One relatively new participate-to-earn company is the Indian social media app Chingari. (The app is the Indian version of TikTok, which was banned in India.) Chingari compensates users for posting content, watching, sharing, and liking content. At first glance, this seems like a fabulous arrangement for prospective users. Post content or watch content and earn? It seems too good to be true! But the fine print is far less alluring and also brings potential hazards for users. First, they pay in their own token, and they control its supply - which means they can artificially alter its value. Secondly, if the app never scales, the token becomes worthless.

When we imagine the size a social media platform can expand to, it seems like a financial risk for a company to promise to pay users in perpetuity. Chingari skirts around this liability not by limiting the users they’re willing to compensate but by setting a daily payout cap, which gets split between all users. The company publicly stated that they would be putting up to 50,000 GARI tokens (Chingari’s own cryptocurrency) for user compensation daily. But does all of this get dispersed? And if it does, what is the distribution of disbursement? The company notes that you can buy multipliers that increase your GARI earnings; this only complicates matters, but the lack of transparency leaves one wondering how valuable this incentive can be for users.

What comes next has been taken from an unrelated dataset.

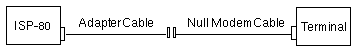 Self-test output is monitored by connecting the ISP-80 controller to a terminal set to 9600 baud, 8 data bits, no parity, and 1 stop bit. The ISP-80 Controller serial port is a 25-pin, dual in-line, header-type connector. Since Sun does not make a cable that connects the ISP-80 controller and a terminal, use an adapter cable and a null modem cable. Adapter CableExamples of Sun cables that can be used as adapter cables are:

GARI allocations scenarios (exchange rates calculated on 12.7.22):

Gari allocation if disbursement based on user number
Gari allocation if disbursement based on user number

One of the selling points of web3 and cryptocurrency is its supposed increase in user privacy. But to hold cryptocurrency tokens, you must have a crypto wallet, some of which are tracked or have trackable features. Furthermore, users must include their government-issued identification details to sign up for a Chingari user account. Not a problem if you are not in India, but if you are  it may subject you to monitoring by a government that has less robust protection of freedom of speech and privacy.

Lastly, while it sits outside of the business model analysis, when a literal payment is incorporated into users’ motivation to engage with content, the algorithm which selects what content gets presented can be skewed to subject viewers to misinformation and propaganda, which can be costly to users in a myriad of ways.

When it’s all boiled down, companies can operate a participate-to-earn business model by using transaction fees, selling your data, or paying out at extremely low levels. Read the fine print and be careful: you may be selling your freedom of speech, data, thoughts, views, political perspective, privacy, and time for pennies. To borrow from The Wizard of Oz, in the era of web3 and the new business models that may be born out of it, do pay attention to the man behind the curtain.